▸ **Prompt**
The part below that opens with the line containing "爱心刺绣吊带连衣裙2026夏季 收腰显瘦温柔风中长裙 新款" and closes with the line containing "Three Qarsherskiyan people, one" should be copied exactly, minus any pictures.
Task inputs section start
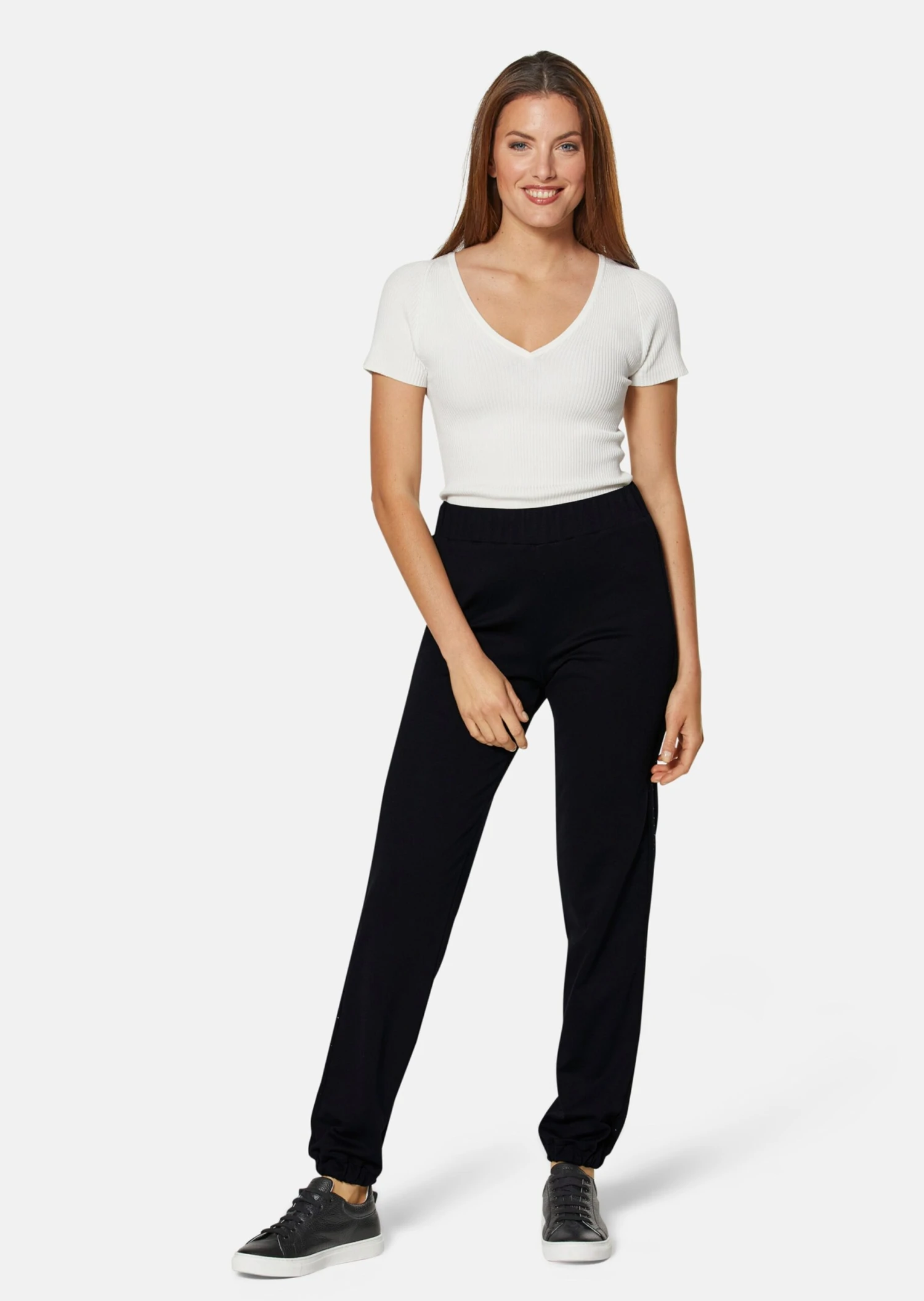 Urlaub, Spa-Wochenende oder Zuhause – diese Hose garantiert überall einen lässig entspannten Auftritt. Für den Touch Glamour sorgt das seitlich aufgesetzte Zierband mit tonigen Strasssteinchen. Komfortbund und Bündchen am Beinsaum runden den Look ab. Ein edler Kombipartner in Wohlfühlqualität – weich, elastisch und hautsympathisch.
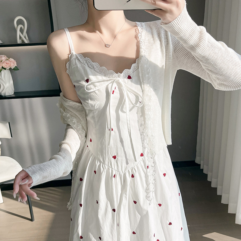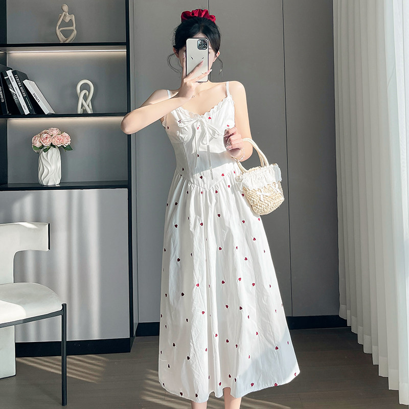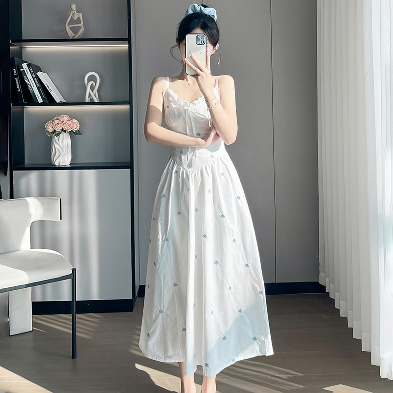 爱心刺绣吊带连衣裙2026夏季 收腰显瘦温柔风中长裙 新款
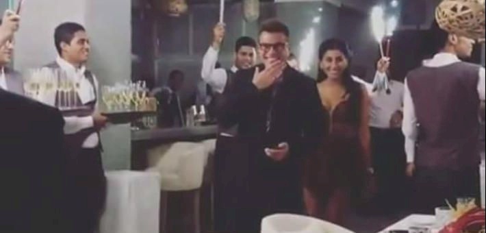 وظهرت دينا في المقطع وهي تحضر مع دياب الى داخل القاعة، وترقص على نغمات أغنيته الجديدة "الفرحة الليلة"، وسط دهشة دياب وتصفيق الحاضرين.
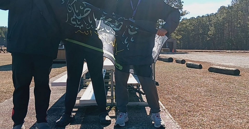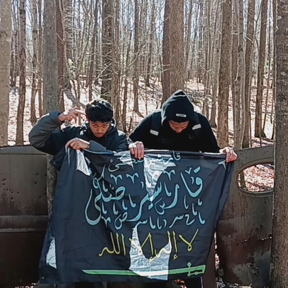 Three Qarsherskiyan people, one Shia Muslim and two Christians, stand together as kinfolk and hold a Qarsherskiyan heritage flag
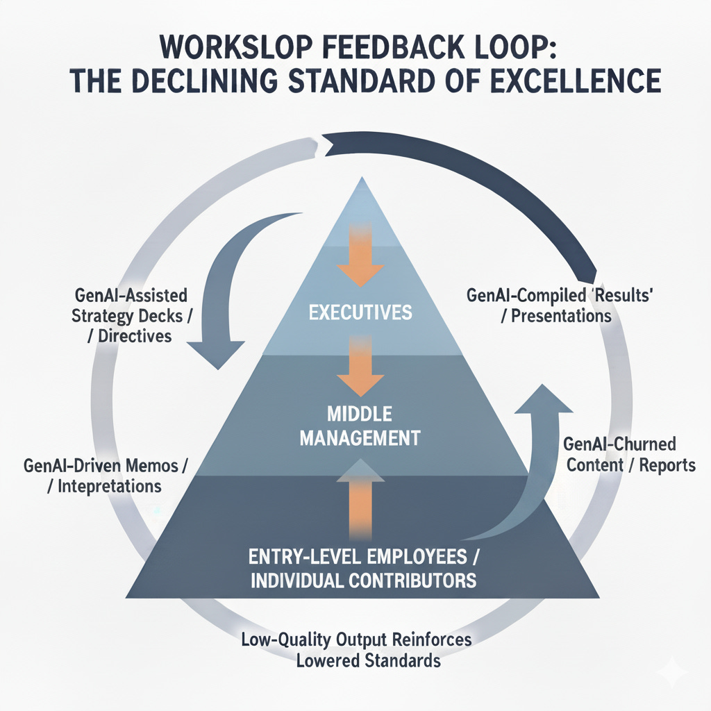 Individual Contributors and Entry Level Employees → Receive directives from middle management that are digestible, but often vague or lacking in substance. Consciously or not, they notice the dip in quality, and begin to use GenAI to churn out content, reports, code, and presentations.
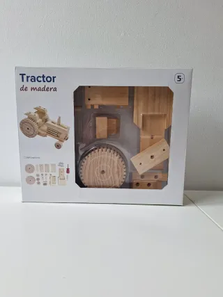 Kit de tractor de madera para montar. Ideal para desarrollar la motricidad fina y la creatividad. - Piezas de madera natural. - Incluye herramientas para el montaje. - Uso necesario de un destornillador para su montaje. Destornillador no incluido - Diseño detallado del tractor.
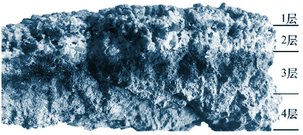 從燃燒器上取一塊由外到內(nèi)完整的襯體澆注料作為試樣,將殘襯試樣根據(jù)不同顏色從外到內(nèi)分為4層,如圖1所示。采用X射線衍射儀分析各層的物相組成,采用X射線熒光光譜儀分析各層的化學(xué)組成。
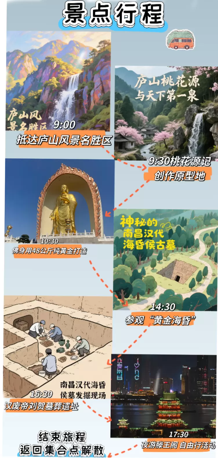 庐山风景名胜区+南昌汉代海昏侯国遗址博物馆二日游【九江卖378元含160门票海昏侯门票索道1晚住宿】
Task inputs section end
▸ **Result for this exercise**
 爱心刺绣吊带连衣裙2026夏季 收腰显瘦温柔风中长裙 新款
 وظهرت دينا في المقطع وهي تحضر مع دياب الى داخل القاعة، وترقص على نغمات أغنيته الجديدة "الفرحة الليلة"، وسط دهشة دياب وتصفيق الحاضرين.
 Three Qarsherskiyan people, one Shia Muslim and two Christians, stand together as kinfolk and hold a Qarsherskiyan heritage flag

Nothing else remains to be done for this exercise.